Effective Date: November 15th, 2023

General Policy:

At Fictional Clothing, your satisfaction is our priority. We offer a hassle-free refund policy for our customers. If you’re not completely satisfied with your purchase, you can return it for a refund or exchange within 30 days⓵⓷ of purchase.

Conditions for Refund:

Items must be returned in original condition: Unworn, unwashed, with all tags attached.

Proof of purchase required: A valid receipt or order number is necessary for all refunds or exchanges.

Refund method: Refunds will be issued to the original method of payment.

Final sale items can be refunded only if they are returned in-store.

Non-Refundable Items:

Ultimate sale items: Products marked as ‘Ultimate Sale’ cannot be returned or exchanged

Personalized items: Custom-made or personalized items are non-refundable.

Gift cards: Purchased gift cards are not eligible for a refund.

Online Purchases:

Return shipping: Customers are responsible for return shipping costs.

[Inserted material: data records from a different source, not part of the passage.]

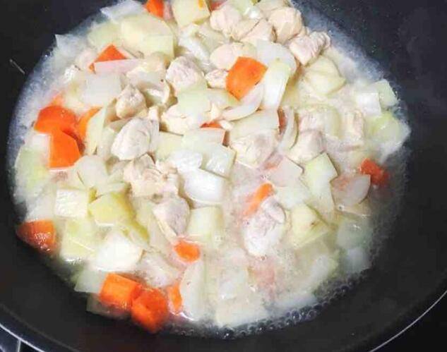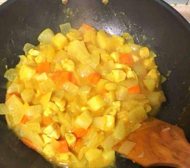 5、转小火,放入咖喱块,搅拌至完全融化,再炖煮5分钟左右至咖喱呈稠糊状鸡肉入味即可。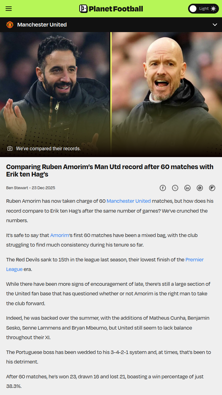 Maurice Miller+FollowAmorim vs Ten Hag: Red Devils' Rocky StartRed Devils fans, how are we feeling about Amorim after 60 games? His record (23W, 16D, 21L) doesn’t stack up to Ten Hag’s hot start (41W, 8D, 11L), and the 3-4-2-1 system still divides opinion. Even with summer signings, United’s balance is off. Are we seeing enough progress, or is Sir Jim Ratcliffe already questioning the call? Let’s hear your takes on this Old Trafford saga! #Sports #Soccer #MUFC00Share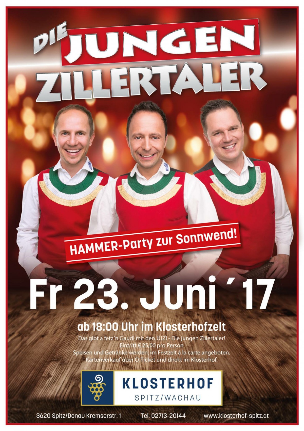 Das gibt a fetzn Gaudi mit den JUZI 'Jungen Zillertalern' Eintritt: € 25,00 pro Person Speisen und Getränke werden im Festzelt a la carte angeboten. Karteverkauf über Ö-Ticket und direkt im Klosterhof.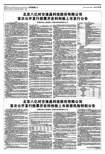 19、拟参与本次发行申购的投资者,请仔细阅读2019年12月17日(T-6日)刊登在上交所(www.sse.com.cn)的《北京八亿时空液晶科技股份有限公司首次公开发行股票并在科创板上市招股意向书》全文,特别是其中的“重大事项提示”和“风险因素”章节,充分了解发行人的各项风险因素,谨慎判断其经营状况及投资价值,并审慎做出投资决策。发行人受到政治、经济、行业及经营管理水平的影响,经营状况可能会发生变化,由此可能导致的投资风险应由投资者自行承担。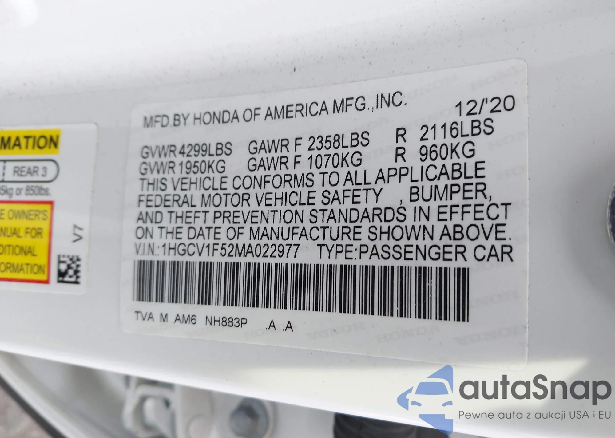 • VIN 1HGCV1F52MA022977

Processing time: Refunds will be processed within 7-10 business days of receiving the returned item.

In-Store Purchases:

Return to any store: Items purchased in-store can be returned to any of our retail locations.

Instant refund: In-store returns will be processed immediately.

Exchange Policy:

Size or color exchange: Items can be exchanged for a different size or color, subject to availability.

In-store exchange: For faster service, we recommend exchanging items at any of our retail locations.

Damaged or Defective Items:

Report immediately: Please contact our customer service if you receive a damaged or defective item.

Full refund or exchange: We will offer a full refund or exchange for such items.

Changes to Refund Policy:

Fictional Clothing reserves the right to amend this refund policy at any time.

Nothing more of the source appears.